Мы вполне наглядно убедились в том, что не сумеем забрать сейчас отсюда ни одного фрагмента мумий инопланетян, и нам было, конечно же, понятно, что, даже если бы мы постарались поплотнее закрыть крышки саркофагов, эти мумии вряд ли уцелеют, когда все здесь будет затоплено водой. Все это нас очень сильно удручало, а тут еще опять сцепились в словесной перепалке Валерия и Кассандра, и, если бы мы общими усилиями их не разняли, они бы, наверное, подрались.
Мексиканка — надо признать, вполне обоснованно — упрекнула Валерию в том, что та не прислушалась к ее предупреждениям и, руководствуясь одним лишь личным интересом и стремлением к славе, попыталась унести с собой мумию, что, как все видели, привело к крайне негативным последствиям.

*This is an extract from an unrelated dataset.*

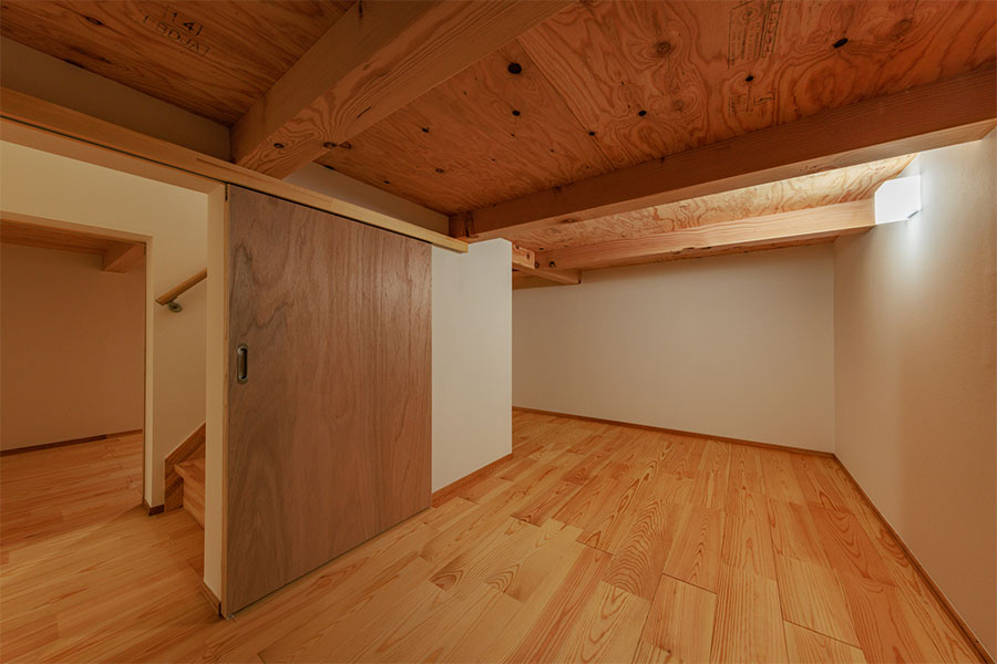 - スキップフロアの階下、床下収納です。天井高を1.4mに抑え、建築基準法上は床面積に含まれません。

Валерия в ответ заявила — и вполне аргументированно, — что она не могла не попытаться забрать отсюда хотя бы одну мумию, пусть даже обстоятельства этому и не благоприятствовали, потому что данная находка имеет уж очень важное значение для того, чтобы можно было попросту бросить ее здесь на произвол судьбы.
Конечно же, обе женщины были в чем-то правы, но при этом они проявили такую несговорчивость и откровенную неприязнь по отношению друг к другу, что убедить их прийти к какому-то компромиссному мнению оказалось попросту невозможно, а потому нам пришлось ограничиться тем, что после их пятиминутного разговора, в ходе которого они бросали в адрес друг друга такие обвинения, ругательства и оскорбления, от которых покраснел бы даже не отличающийся особой застенчивостью шоферюга, мы заставили их перестать орать, а потом не позволяли им подходить друг к другу близко, надеясь, что кровь у них обеих постепенно охладится, так и не достигнув точки кипения.
Когда страсти наконец понемногу улеглись, мы, посовещавшись, пришли к выводу, что делать нам в этом подземном помещении больше нечего, и уныло побрели все вместе к выходу…
Я шел, рассеянно глядя себе под ноги и размышляя над тем, какую роль могли сыграть эти инопланетяне в истории человечества. Я так глубоко задумался, что не сразу заметил, что все мои спутники резко остановились, и только после того, как кто-то схватил меня за руку и тем самым вывел из задумчивости, я вынужден был оглядеться по сторонам.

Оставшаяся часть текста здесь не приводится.